▶ [Directions for this task]:
Set down, word for word, every line of the material below from the one containing "Thiết lập đối" through the one containing "University of Technology", but none of its pictures.

■ ■ ■ ■

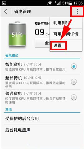 2)点击右上角【...】,在弹出菜单选择【设置】,然后把【高耗电提醒】选项关闭。(如下图)
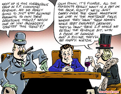ARTIST'S DESCRIPTIONThis #MRasheedCartoons image was inspired by one of those overlapping circle chart memes I saw on LinkedIn, specifically on the third bullet that read "You no longer try to show that it was your idea. You empower other people to own the idea." As it was presented, trying to be all deep & uplifting, all I saw in it was corporate grifting people — the bosses retaining ownership of the IP on the sly while giving the underpaid, overworked employee who invented the idea a paper crown and an office pizza party.
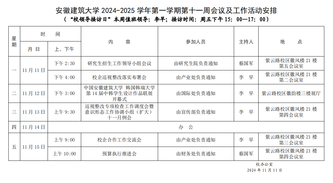 安徽888集团2024-2025学年第一学期第十一周会议及工作活动安排
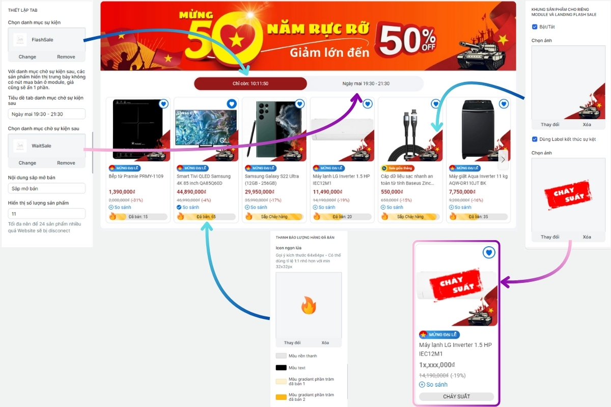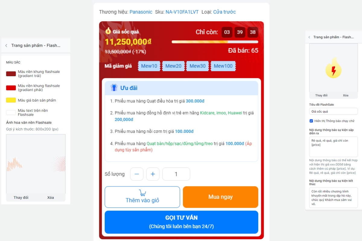Thiết lập đối với sản phẩm nằm trong chương trinh FlashSale gồm:
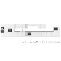 Kolekce kuchyňské linky LARA WHITE nabízí širokou škálu jednotlivých skříněk i již předdefinovaných sestav, ze kterých si snadno sestavíte kuchyňskou linku na míru podle svých představ.
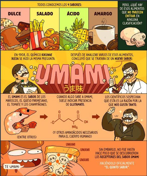 El umami (delicioso o sabroso en japonés) no era ni definitivamente dulce, ni amargo, salado o ácido. En el paladar producía una sensación gustativa diferente, como la que deja el jamón ibérico, las algas, la salsa de soja o el queso parmesano. Cuando se identificaron los receptores gustativos específicos en la lengua humana, el umami se convirtió en el quinto sabor.
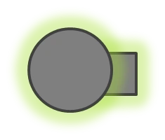 Glow Bombs are grey cartoon bombs with a yellow fuse. They travel at a fast speed and explode into a spreading cloud of yellow bullets. This cloud is very fast and lasts one second. It does no damage and has infinite health and penetration. Everything hit by the cloud will glow yellow for the next minute and have an arrow pointing to them on the screen of the person who owns the Glow Bomb.
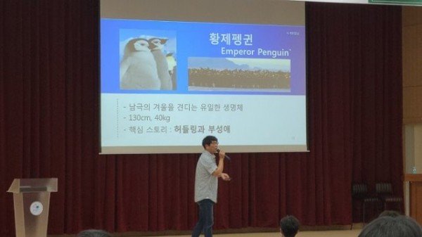 Photo explanation: "Finding a Way at the End of the World" lecture by Kim Jin-man, tears of Antarctica, conference room of the industry-academic cooperation hall of Geumo University of Technology
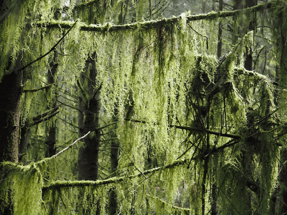 Following a railway sleeper path up through the water-filled forest, there’s so many different species of moss: star shaped, velvet cushions, sphagnum and, something I’ve never seen before, long flowing moss that hangs from the trees for all the world like the Spanish moss in the southern states of America.
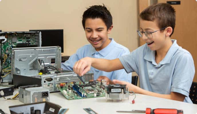 Specialty Classes Home / Academics / Specialty Classes Get More From Your Child’s Education Our diverse curriculum gives our students a well-rounded private school education, with classes that help them grow in all kinds of ways. Specialty classes let students explore their interests, try new skills, and discover what they enjoy! Classes include Spanish, music, art, physical education, and technology. Each program is planned to meet national standards and support all areas of our students’ growth. By taking part in these courses, our students become curious learners who are prepared for what comes next. Learn More About Our School Spanish Our students learn Spanish for speaking, listening, and writing. They connect what they learn with real-world experiences. They see how knowing another language can help them understand another culture and better communicate with people from around the world. Our goal is for our students to go beyond learning Spanish as just a subject and become comfortable using it in real life. They practice by speaking with friends, singing songs, and reading books. Music Our music class gives students exciting experiences where they explore the basics of music, try different instruments, use technology, and express themselves creatively. Teachers guide students step-by-step. They help them create, perform, enjoy music, and build their appreciation and skill. Our students learn about rhythm, melody, and how sounds blend to make music. Through group performances, they learn to work together and gain confidence on stage. Art Our students work with different materials to learn techniques and make art. Our teachers guide them in building skills like creative thinking and problem-solving. Our students start to see the connections between art, history, and other subjects. They explore color, shapes, and textures, and find new ways to express themselves. By making and talking about art, they grow to appreciate and understand the world around them. Our students feel excited to share their work with others. Physical Education Our students learn about the importance of staying active and making healthy choices for a happy and balanced life. They practice making good choices for self-expression and positive social interactions. Our students do activities like running, jumping, and team sports to build their strength and balance. By working with each other, they also learn teamwork and how to support their friends. These skills help our students feel confident and strong as they grow. Technology We use technology to find, sort, and share information. Our students learn skills such as coding, typing, and using tools like word processors, spreadsheets, and graphics. They also learn how to be responsible with technology, as they work with others and use their digital skills to explore new ideas. Our students see how these tools can help them solve everyday problems. As they explore, they gain the confidence needed to take on more advanced skills.
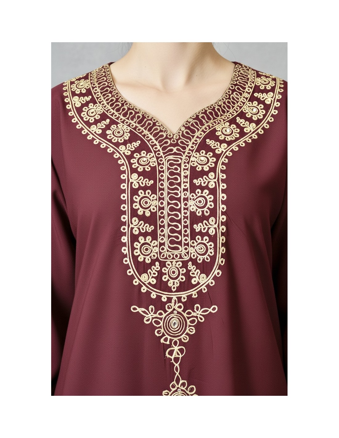 Col en V délicatement brodé de motifs dorés apporte une finition soignée sans être trop habillée, tandis que la broderie centrale verticale ajoute une touche orientale discrète et élégante. Les manches longues et la longueur maxi assurent une tenue pudique, parfaitement adaptée au Ramadan.
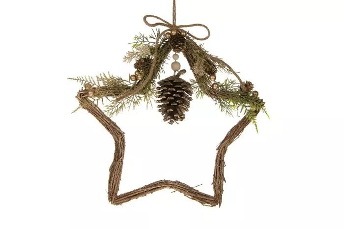 Natural Collections tähti ovikoriste. Kaunis ja huolellisesti tehty tähden mallinen ovikranssi. Tuo kotiin luonnonläheistä vanhan ajan joulutunnelmaa. Kultaiset helmet ja ruskea, kauniisti punottu juuttinaru.

■ ■ ■ ■

▶ [Response to the exercise]:
Thiết lập đối với sản phẩm nằm trong chương trinh FlashSale gồm:
 Kolekce kuchyňské linky LARA WHITE nabízí širokou škálu jednotlivých skříněk i již předdefinovaných sestav, ze kterých si snadno sestavíte kuchyňskou linku na míru podle svých představ.
 El umami (delicioso o sabroso en japonés) no era ni definitivamente dulce, ni amargo, salado o ácido. En el paladar producía una sensación gustativa diferente, como la que deja el jamón ibérico, las algas, la salsa de soja o el queso parmesano. Cuando se identificaron los receptores gustativos específicos en la lengua humana, el umami se convirtió en el quinto sabor.
 Glow Bombs are grey cartoon bombs with a yellow fuse. They travel at a fast speed and explode into a spreading cloud of yellow bullets. This cloud is very fast and lasts one second. It does no damage and has infinite health and penetration. Everything hit by the cloud will glow yellow for the next minute and have an arrow pointing to them on the screen of the person who owns the Glow Bomb.
 Photo explanation: "Finding a Way at the End of the World" lecture by Kim Jin-man, tears of Antarctica, conference room of the industry-academic cooperation hall of Geumo University of Technology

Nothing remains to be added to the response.